Location: Strakonice, South Bohemia
Strakonice has a long
beer brewing tradition. The town grew from the villages below the
castle built in 1230. Beer had been brewed there since before 1308.
Bavor IV of Strakonice granted the local people the right to brew
beer on 8th
December 1367.
Due to the hardships of the Thirty Years’ War, the
impoverished beer makers agreed with the town authorities to
establish a common brewery in house No. 47 in 1649. At that time,
there were 158 houses with the right to brew beer in Strakonice. The
town brewery was expanding, and the old technology was replaced by
new industrial ones. In 1873-74 a steam-driven brewery was built on
the bank of the Otava river, and the old house turned into a malt
house. The World War I. and II. was a catastrophe for the local beer
making too, and in 1948 the brewery was nationalized and incorporated
into South Bohemian Breweries. After the Velvet Revolution the life
of the brewery has been changed. After a long process of
privatization, in 2005 the Strakonice Brewery went to the ownership
of the city, and now the town of Strakonice is the only shareholder
of this company.
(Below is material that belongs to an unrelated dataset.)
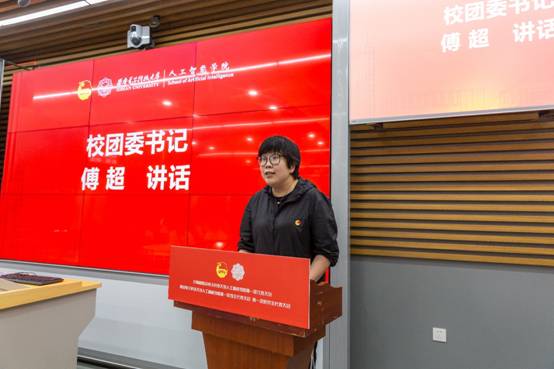 傅超代表学校团委向长期以来关心支持共青团工作的学院党政领导、广大师生表示衷心的感谢,向各位代表以及全院团员青年致以亲切的问候。她充分肯定了学院近年来各级团组织取得的优异成绩,并对学院共青团工作提出希望:一是旗帜鲜明地提升引领力,共青团是党的助手和后备军,思想政治引领工作是共青团工作的重要领域,学院团委要把又红又专、全面发展的传统和共青团的职责使命结合起来,努力提升思想政治的引领水平;二是坚定不移地提升组织力,确保共青团牢牢实实地扎根在青年之中,做好新时代党的青年群众工作的坚实保障;三是常抓不懈提升服务力,围绕立德树人的根本任务,服务青年学生综合素质的全面提升。她强调,学院共青团要继承优良传统、勇于开拓创新,始终发挥好引领作用,并结合时代背景和学院特色,帮助青年学生在各个领域有所建树。

Extensive modernization was started and it will
completed in 2019. In 2011 the company changed its name to DUDÁK
(Bagpiper). The brewery offers various types of beer that are
demanded, among others Švanda
draught pale ale, Dudák premium pale and dark lager, Klostermann
semi-dark lager, or Král Šumavy
pale lager. Another popular brand is Sklepák unfiltered lager. The
taste of Strakonice beer is strong and popular.